The basic supernatural selfist beliefs are of matter and action, which are the self-evident axioms that describe the universe existence. Secularism cannot further define either matter or action and must simply accept matter and action as supernatural belief in the way the universe is. A traditional personification of matter is Mother Earth while that of action is Father Time. Instead of fighting against all of the various supernatural religious agents, secularism should simply accept the mystery of the supernatural agents of Earth and Time.

People believe in a great many different religious supernatural agents, but the greatest growth over the last century has been in the secularists who proclaim little or no religious affiliation as the figure shows. Johnson and Grimm compared world religious beliefs in 1910 with those in 2010 and found the greatest percent growth in secularism, 12%. Islam grew 10%, from 13 to 23% from 1910 to 2010, but the growth in Islam largely reflects the population growth of the less developed world according to a Pew study. In contrast, the growth of secularism seems to have come from conversion and not from population growth.

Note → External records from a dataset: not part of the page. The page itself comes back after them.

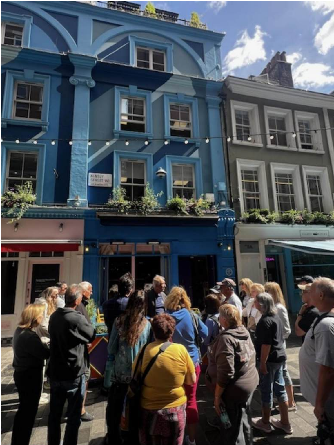
We loved checking out the London Palladium Theater, where many say “Beatlemania” began on October 13, 1963. We learned that Brian Epstein had an office next door.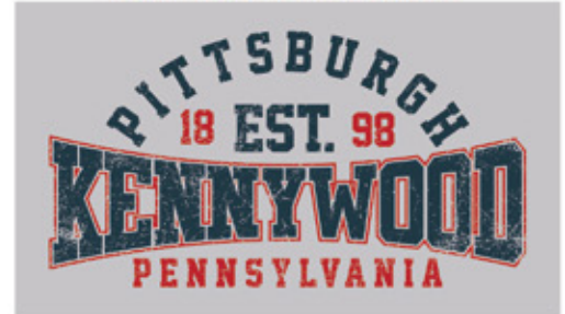
DESIGN # SEC028 | 3 COLOR ART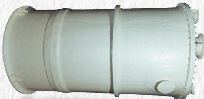
▲ PP FRP Scrubber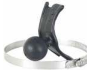
RAM-118B RAM SADDLE WITH BALL FOR LANTERNS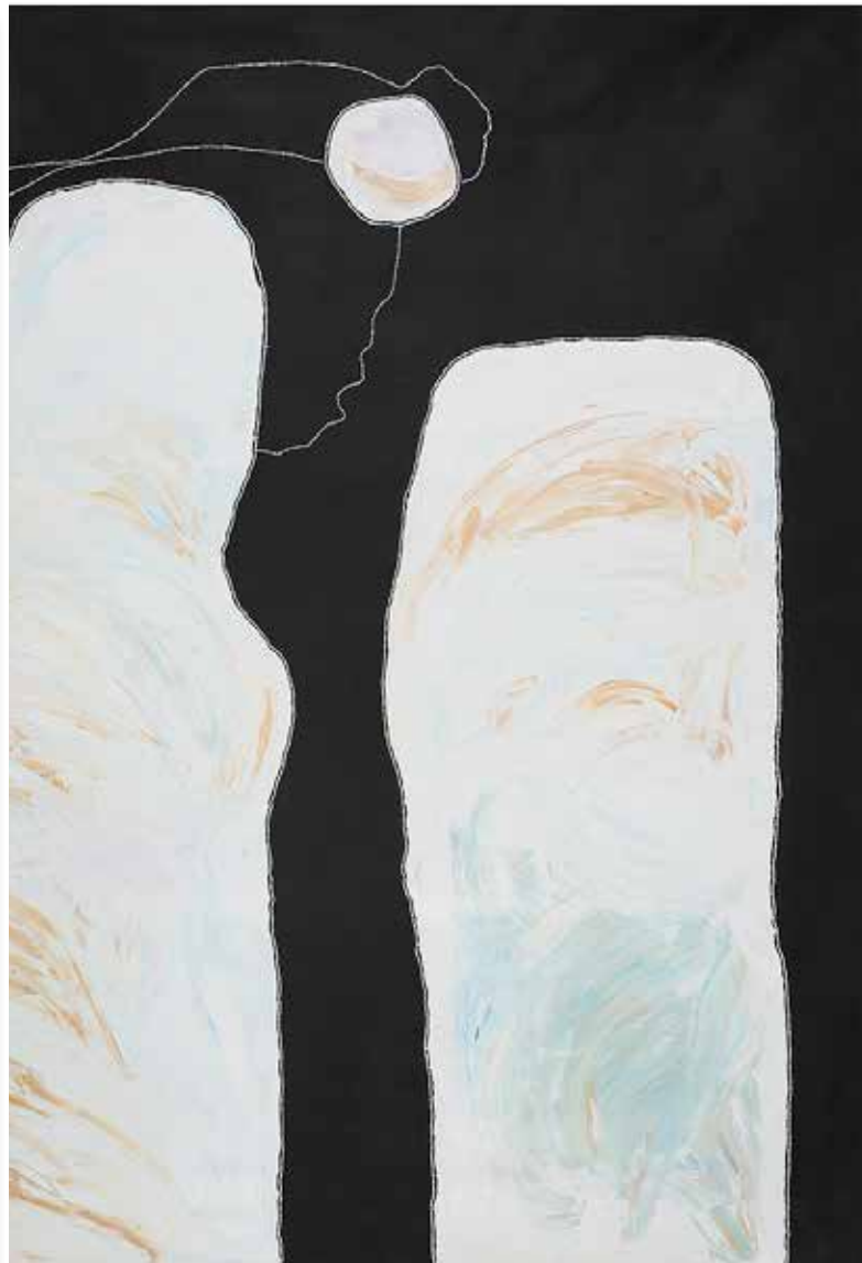
Lake Baker 2021 acrylic on linen 290 x 400 cm (2 Panels 290 x 200cm each) 21-354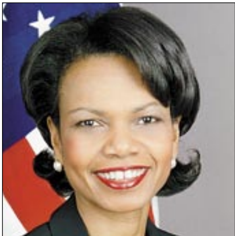
CARICOM meets US Secretary of State Condoleezza Rice - page 6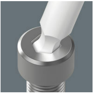
The spherical drive profile means that it is possible to swivel the axis of the tool to that of the screw, and therefore enable angled, "around-the-corner" screwdriving jobs.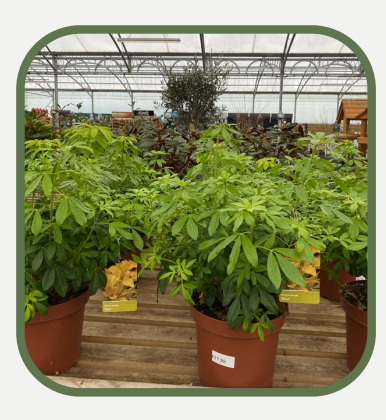
Transplant deciduous shrubs growing in the wrong place, while they are dormant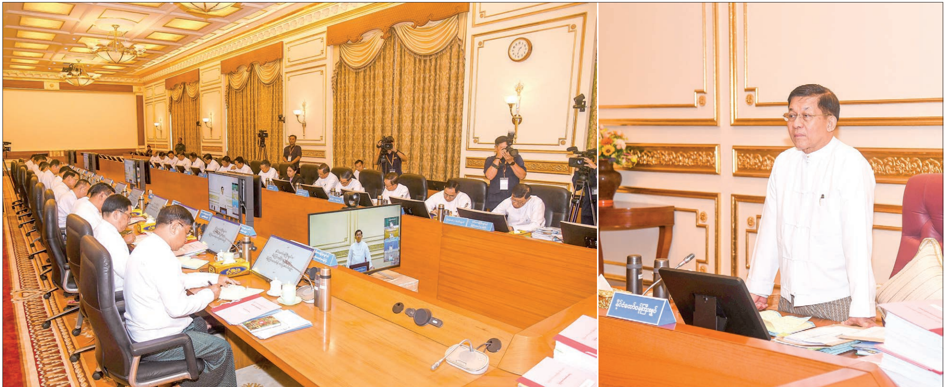
State Administration Council Chairman Prime Minister Senior General Min Aung Hlaing addresses the sixth Union government meeting yesterday in Nay Pyi Taw.

The marked decline in various ethnic religions of -20% seems to have been the result of both lower population growth in advanced regions as well as conversion into secularism. Thus while the growth of Islam has been driven largely by population growth, the growth of secularism has been driven by conversion. The large growth of Islam is a result of higher fertility rates and all of the attendant demands for limited resources of that increasing population. In contrast, the growth of secularism is a result of increasing wealth, education, life expectancy, and lower fertility rates and more efficient use of the same limited resources.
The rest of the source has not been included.